Chemical distributors typically face low entry and exit barriers, but there are significant exceptions, namely if they:

  • have exclusive supply agreements or sole supply customers;
  • formulate, blend, and mix products tailored to their customer needs;
  • provide application technology or product development services;
  • organize the return of packaging materials or provide recycling or waste management services;
  • provide financing or vendor-managed inventory solutions;
  • provide regulatory services to help their customers remain compliant; 
  • carry out fourth-party-logistics (4PL) services; 
  • provide quality, environmental, health, or safety management services.

In a Digital World, Chemical Distributors Need to Become More Customer Centric

In the current market environment, chemical distributors that have focused on exclusive distribution rights with key principals have, on average, achieved faster growth and, especially, higher profitability than others. 

This focus on exclusive distribution rights with key principals should be maintained, but the differentiation in a digital world is at the customer end. Investing in customer centricity, i.e., fulfilling the needs of customers for online services (e.g., product finder, easy sample ordering, online tutorials, track-and-trace functionality, touchless ordering and processing, online reporting, and improvement proposals) should be the focus of chem­ical distributors going online.

There will most likely not be one “Chemazon”, but a variety of successful solutions:

Principals will operate their web shops around their differentiated top products, cross-selling complementary products and services online (e.g., online system houses for polyurethanes).

Logistics providers will offer end-to-end supply chain services in bulk products (liquids: acids, lyes, solvents; and solids: fertilizers, salts, oxides, sulfur) and develop the missing sales services either with Start-ups/internally or in collaboration with e-retailers, such as AmazonBusiness and 1688 by Alibaba.

E-Retailers will focus on non-hazardous, factory-packed C-products that enjoy regular, frequent demand (e.g., small quantities of lab chemicals, consumables, process chemicals, etc.) where hazardous materials regulations are still manageable. For bulk products they will cooperate with logistics providers.

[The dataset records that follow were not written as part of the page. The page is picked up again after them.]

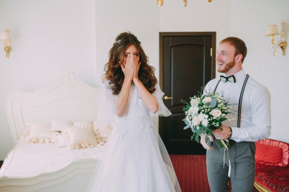 3) Le modalità: per questo chiedi consiglio al fotografo o fatti ispirare dalla rete. Potete ritrovarvi uno di fronte all’altra con gli occhi chiusi oppure uno dei due aspetta l’altro e si gira o trovare un modo originale per la sorpresa della prima volta in abiti nuziali.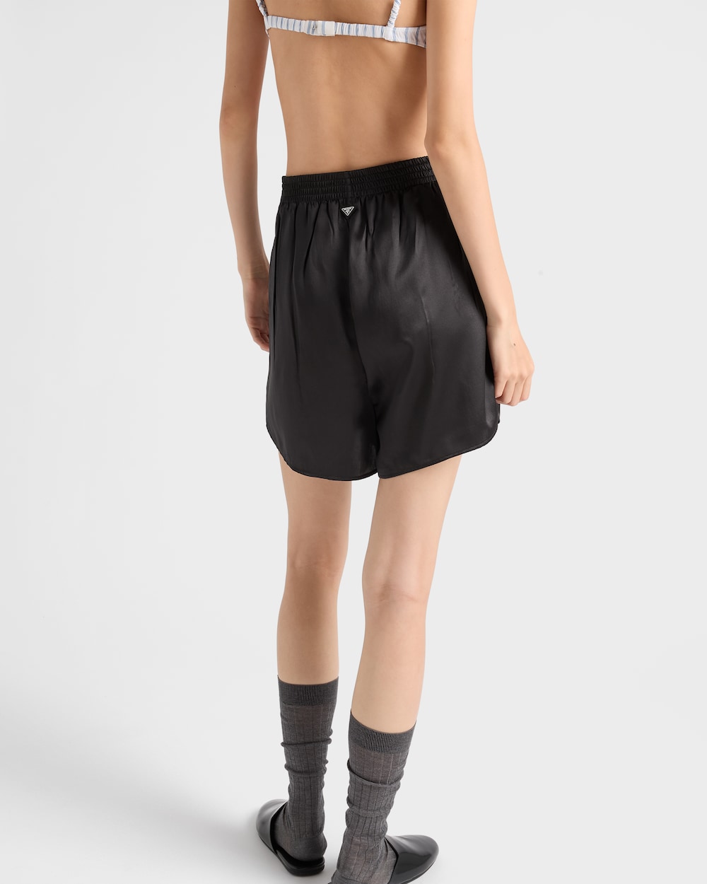 光沢感のあるサテンが、ミニマルなデザインと美しく融合しています。ボタン付きのエラスティックウエストバンドは、機能的な斜めポケットと組み合わされ、エナメルメタルのトライアングルロゴがアクセントを添える、特徴的で洗練されたディテールです。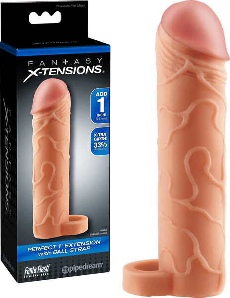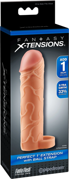 Intensify pleasure for both of you with The Perfect 1" Extension with Ball Strap. With the ball strap wrapped snug around you, you'll prolong ejaculation for the most explosive climax you've ever imagined. Your partner will enjoy deeper penetration with the 1" extension at the tip, while the ultra-lifelike shaft makes you 33% thicker to offer a fuller feeling and exceptional climax. It's super-stretchy to accommodate most sizes, is tight enough to help you last longer, and the super-soft Fanta Flesh® material feels like a second skin--only better!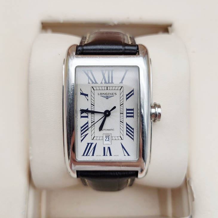 浪琴优雅系列L5.757.4.71.9男款机械表,27.2*43.8mm表径,银白色方盘,精钢表壳后换皮带,罗马数字时标,(浪琴大号坦克)日期显示,9成新单表,专柜价12500,现好价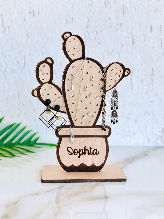 Soporte personalizado para joyas de cactus: Organizador de pendientes y pulseras de madera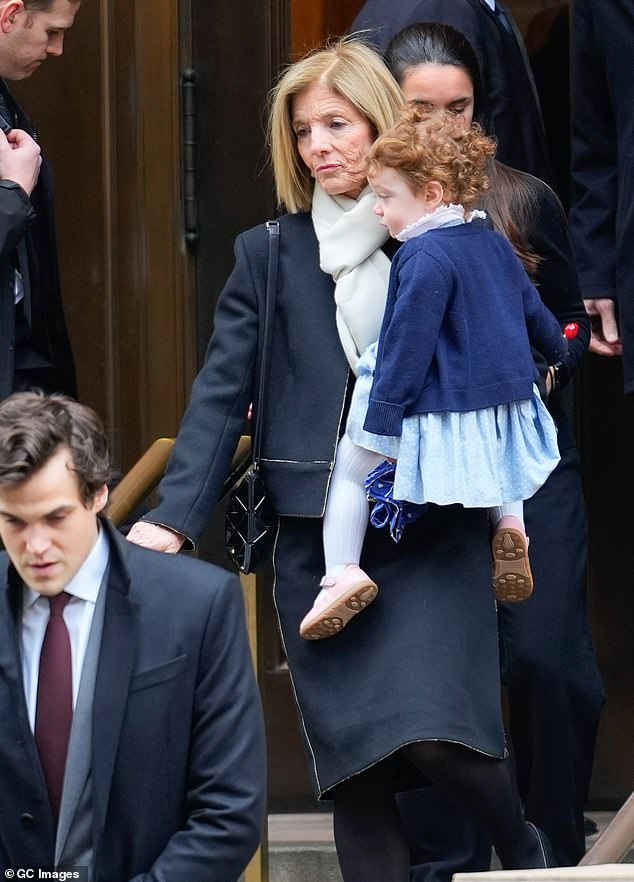 Caroline Kennedy carries her one-year-old granddaughter, Josephine, as she leaves her daughter’s funeral earlier this week
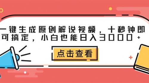 一键生成原创解说视频,十秒钟即可搞定,小白也能日入3000+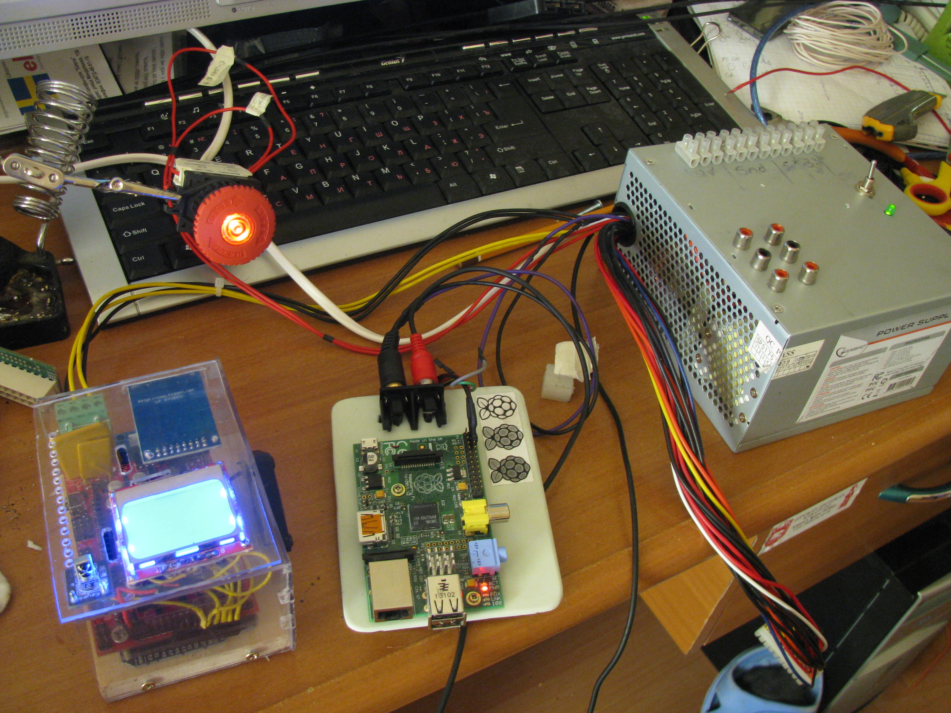 Я развел так, что на Raspberry Pi питание подается всегда от 5vSB, к нему же подведены и PS_ON с PW-OK, позже их подключу. Все выключатели, в том числе на корпусе БП идут сразу после E-Stop, так что его нажатие отрубает БП полностью, не задевая резервную линию - 5vSB. Светодиод в кнопке питается от 220V на входе БП. На корпусе БП надежно закреплена земля, внутри тюльпанов в верхнем ряду 12V, средний ряд 5V и нижний 3V, позже еще наклею надписи :)
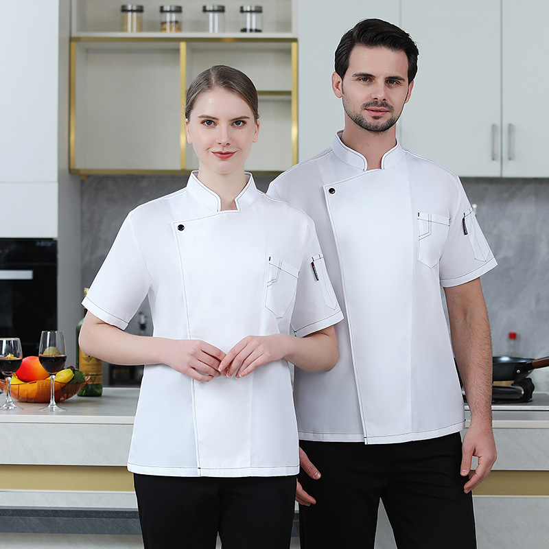 요리사 작업복 남성용 반팔 여름 얇은 통기성 중국 스타일 레스토랑 호텔 주방 요리사 옷 반팔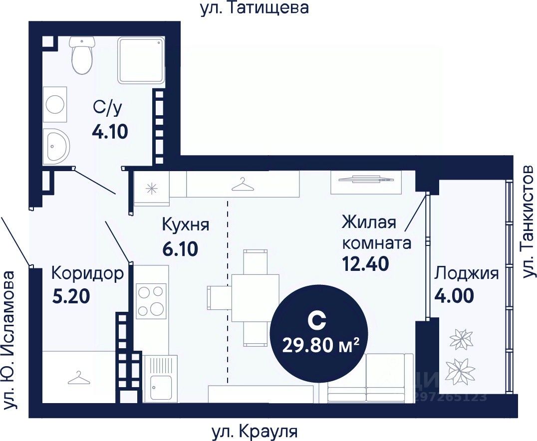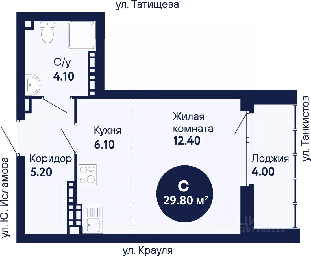продам 1-к, Крауля, 170а5 630 000 ₽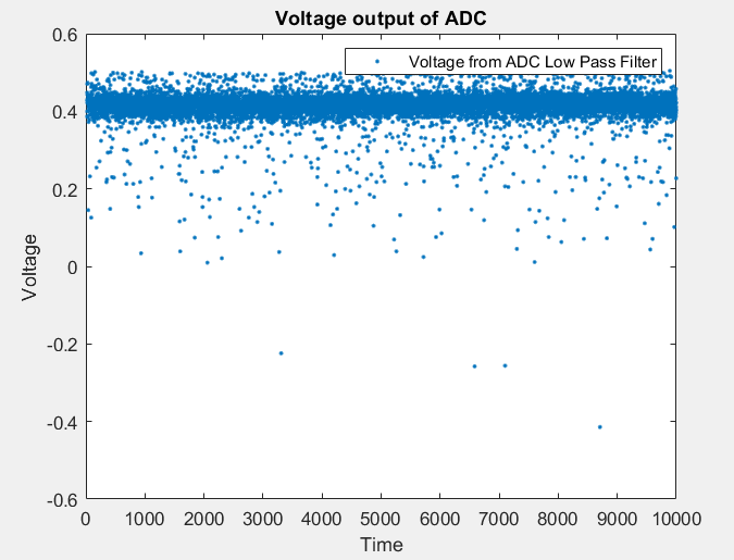 A value of 0.384 should approximately return 2260, which there is an unmistakable dark line to show consistency, but then there is a lot of extra points above this. At an adc_val of 2350, this is roughly 150 mV above the value, but while watching the oscilloscope, there was never any noise near this range.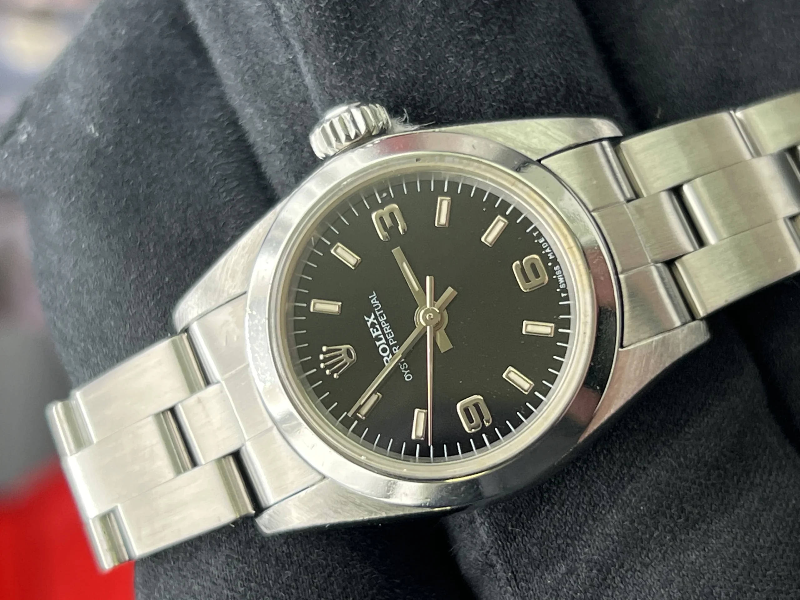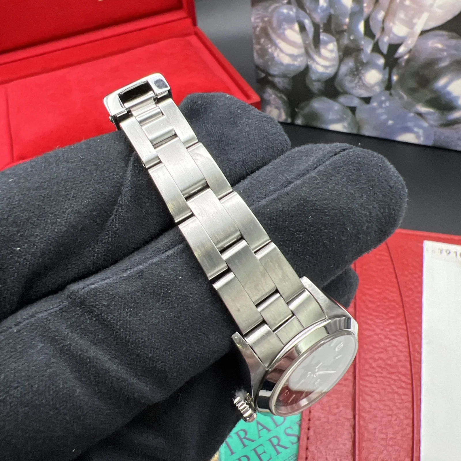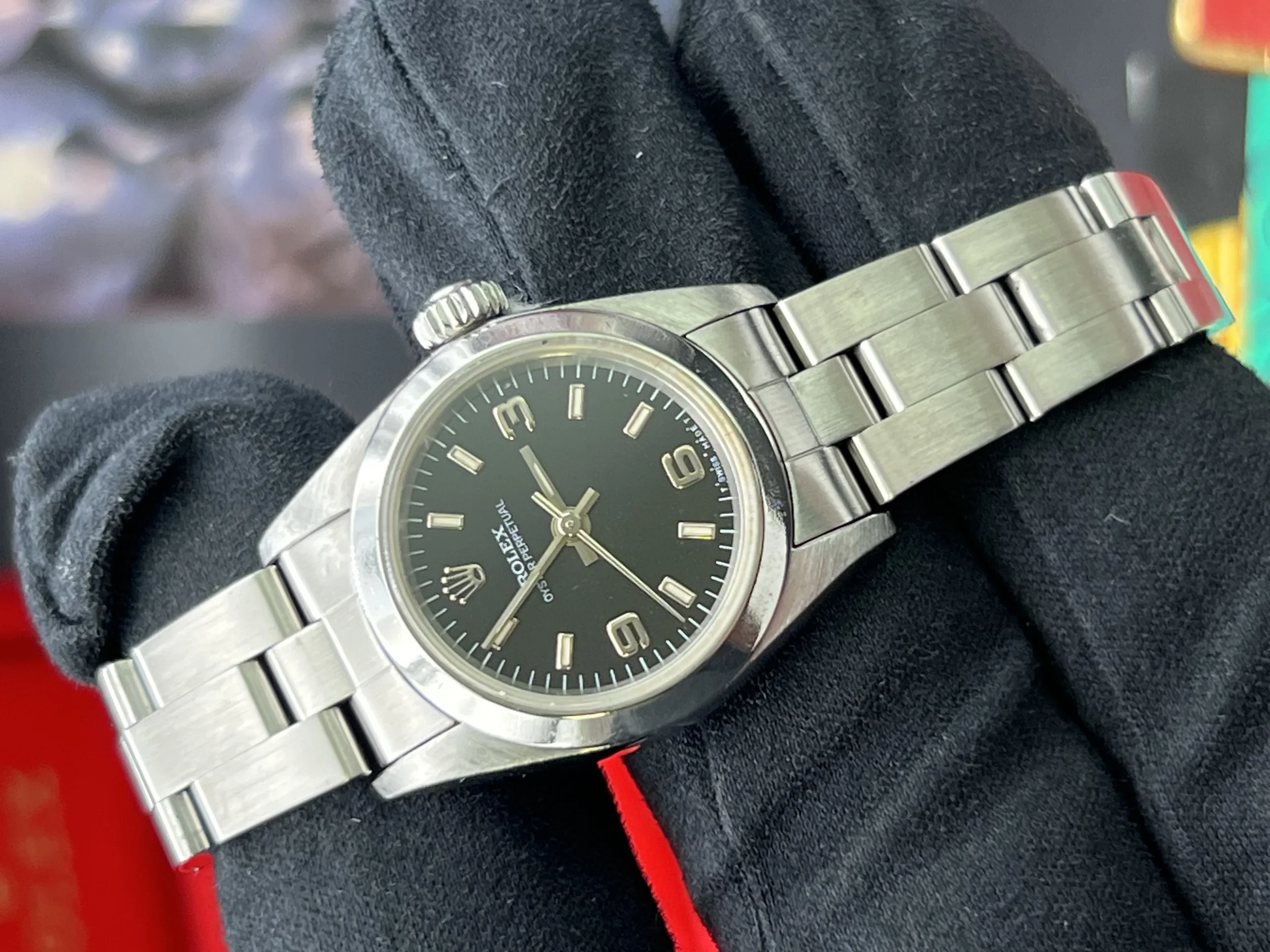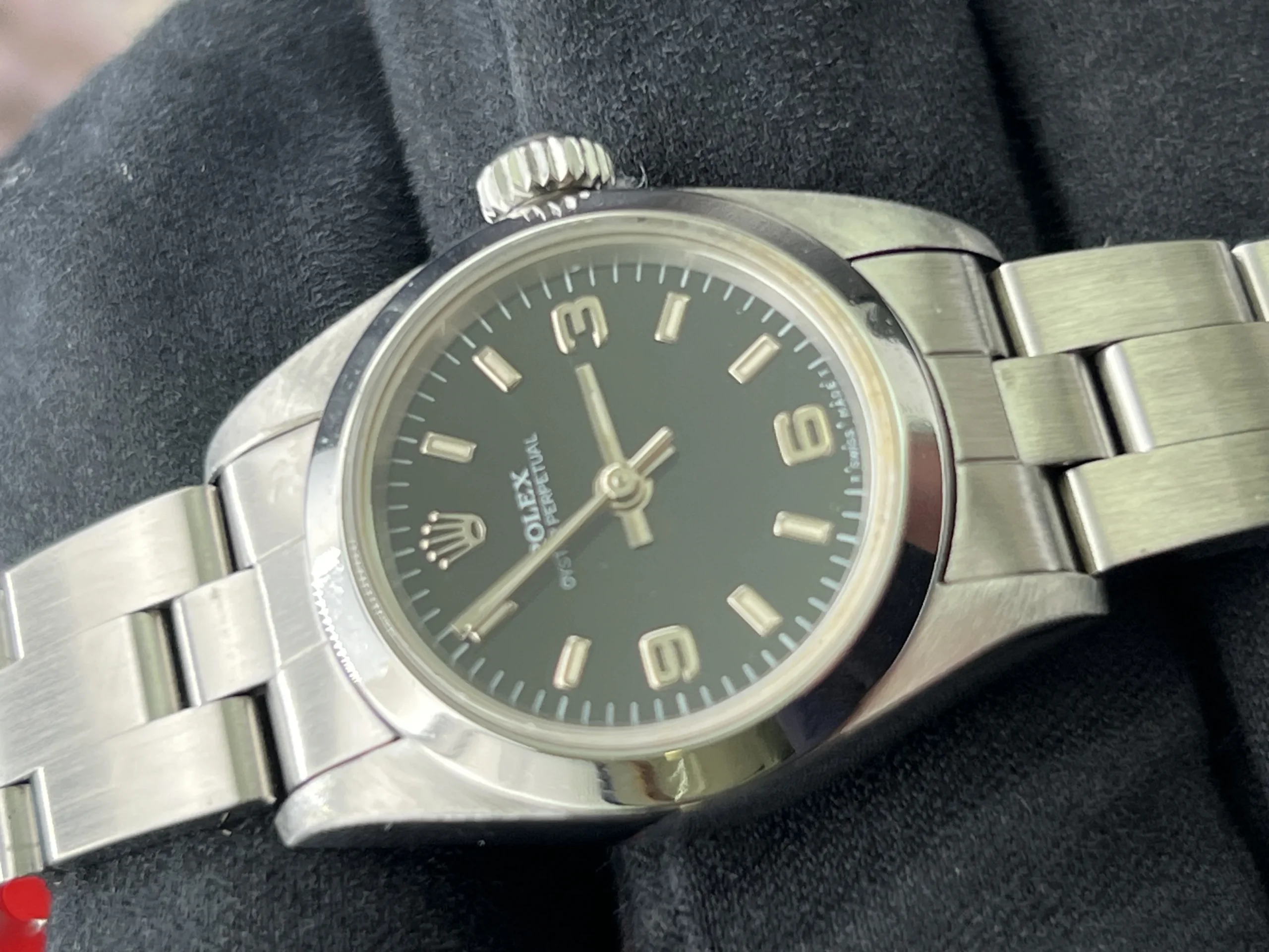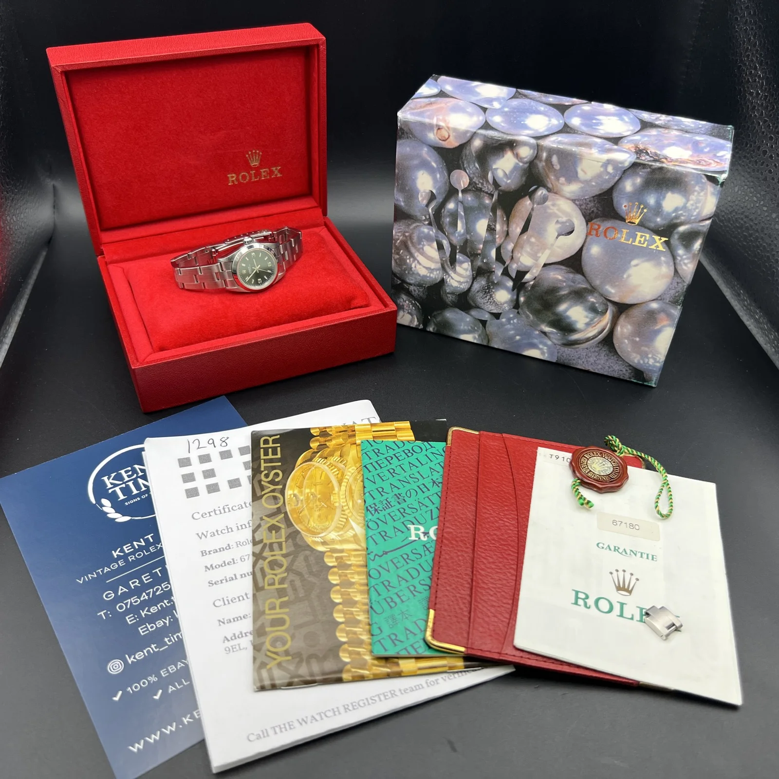 | Here we have a very nicely presented Rolex ladies Oyster Watch bearing the reference 67180. Watch first sold in 1997. It comes with an original Rolex boxes, original papers, booklets, wallet and Tag. You’ll also receive a Watch register certificate showing it’s free of claims. The Watches presented in very good condition very little evidence of use only only a few light marks. The glass is unmarked as is the Dial. It has been inspected and tested by a watchmaker and is keeping Time.. |

Start-ups will offer online product finding services (“who supplies what?”), conduct auctions, and become a matchmaker to substitute the traditional trading and drop-ship businesses, especially for spot, bulk chemicals. They could also be the neutral commerce platform for multiple mid-sized chemical distributors or complementary principals. Consolidation may come as well, but at a later stage in the lifecycle of business digitalization.

Chemical distributors will operate joint web shops with their principals, especially where they have an exclusive distribution agreement in place. They will focus on industries and application markets and offer online marketplaces where customers need different products from different principals (e.g., coatings, adhesives, sealants & elastomers (CASE), textiles, leather & paper chemicals (TLP), life sciences (food & feed ingredients, agrochemicals, pharmaceuticals), cosmetics, care chemicals, water chemicals, etc.). They might not do that by themselves, but as a subscription service to a start-up or another platform.